Greek Form Guide

τίνι (tini) in Matthew 5:13: Dative Singular Neuter

τίνι (tini) in Matthew 5:13

Textual Witness

τίνι tini Dative Singular Neuter

The witness reads τίνι in Matthew 5:13.

How The Form Affects Interpretation

Sharpens the warning by asking how useless salt could be restored.

How To Communicate It

Use it to show that the question is rhetorical and means-focused.

What Not To Say

  • Grammatical form should serve context, not override it.
  • Keep the form tied to Matthew 5:13.
  • Do not detach it from the rhetorical question in Matthew 5:13.
  • Do not use morphology alone to build a complete doctrinal claim.

What Does The Label Mean?

Part of Speech

Pronoun: the form points to a person, group, thing, or question within the clause.

Case

Dative: marks the pronoun in a means, reference, or indirect-object role as the clause requires.

Person

Person: read person only where the morphology label marks it.

Number

Singular: the form points to one grammatical referent where context requires.

Gender

Gender: this pronoun form should not be used to make a theological claim from grammar alone.

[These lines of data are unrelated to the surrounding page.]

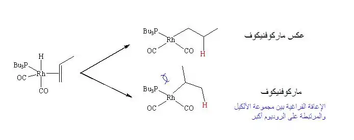 تؤدي إضافة الهيدروجين إلى الكربون المتصل عدد درات هيدروجين أكثر (قاعدة ماركوفنيكوف) إلى تشكل مجموعة ألكيل أكثر إعاقة فراغية قريبة من الربيطة الموجودة على معدن الروديومز فإذا كانت الربيطة كبيرة نسبيا مثل ثلاثي بوتيل فوسفين فإن التأثير الفراغي (الإعاقة الفراغية) سيكون أكبر مما يقلل من احتمالية الإضافة حسب قاعدة ماركوفنيكوف وبالتالي تزيد الانتقائية باتجاه المنتج الخطي (نظامي).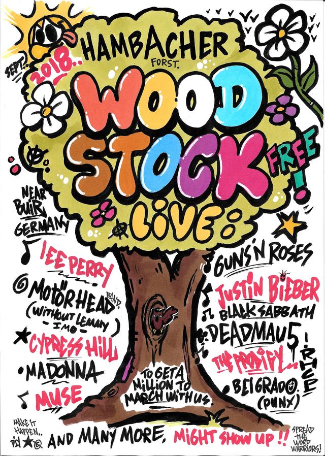 WOODSTOCK 2018. Gratis festival in het Hambacher woud.
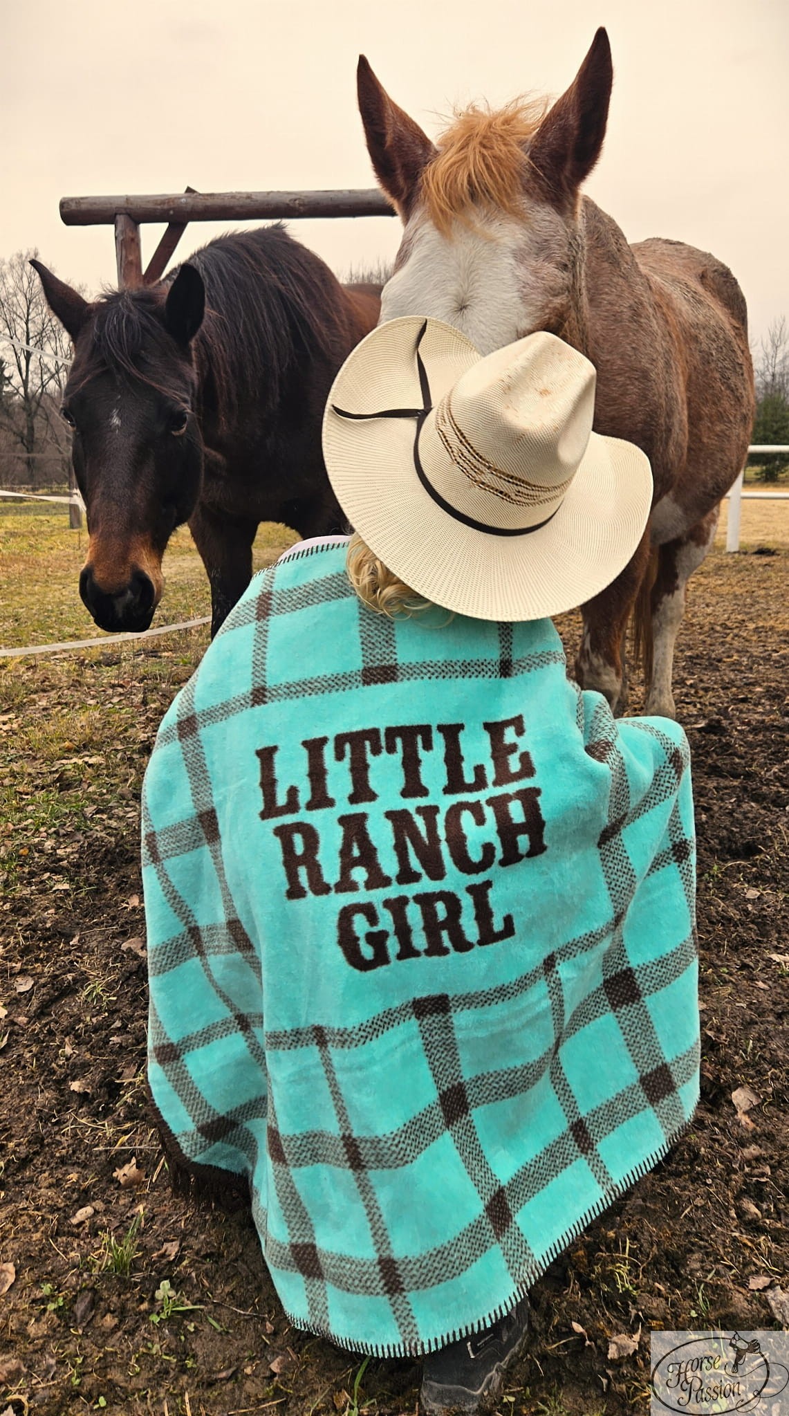 Koc bawełniany Little Ranch Girl turkusowy 70 × 100 cm

What The Form Does In This Verse

Attached To

Will it be salted

Governed By

The rhetorical question in Matthew 5:13

Role In The Phrase

Asks by what means useless salt could be restored.

What It Is Not Doing

Do not make the question supply an answer that the verse does not state.

How Much The Form Matters Here

Interpretive Weight

Medium: rhetorical question

Syntax Profile

Dative question word. asks the means of salting. Attached to will it be salted. Governed by the rhetorical question in Matthew 5:13. Read with with what will it be salted.

Reader Question

What does the question ask? It asks with what the salt will be salted if it loses usefulness.

Translation Effect

Direct: The dative question word supports with what.

Where Caution Is Needed

This occurrence must be read within Matthew 5:13, not as a standalone word study.

Fallacies To Avoid

How The Interpretation Is Derived

Textual Witness

The witness reads τίνι in Matthew 5:13.

Lexical Identity

The form is an interrogative pronoun, so it asks about the means rather than naming the means.

Grammar In Context

Its dative form fits the question with the passive verb will be salted.

Passage Meaning

The question presses the seriousness of salt losing its proper function.

Canonical Fit

The form supports Jesus warning by making the loss appear unrecoverable within the image.

Communication Use

Use it to show that the question is rhetorical and means-focused.

Do Not Derive

Do not turn the interrogative into a hidden answer about methods or remedies.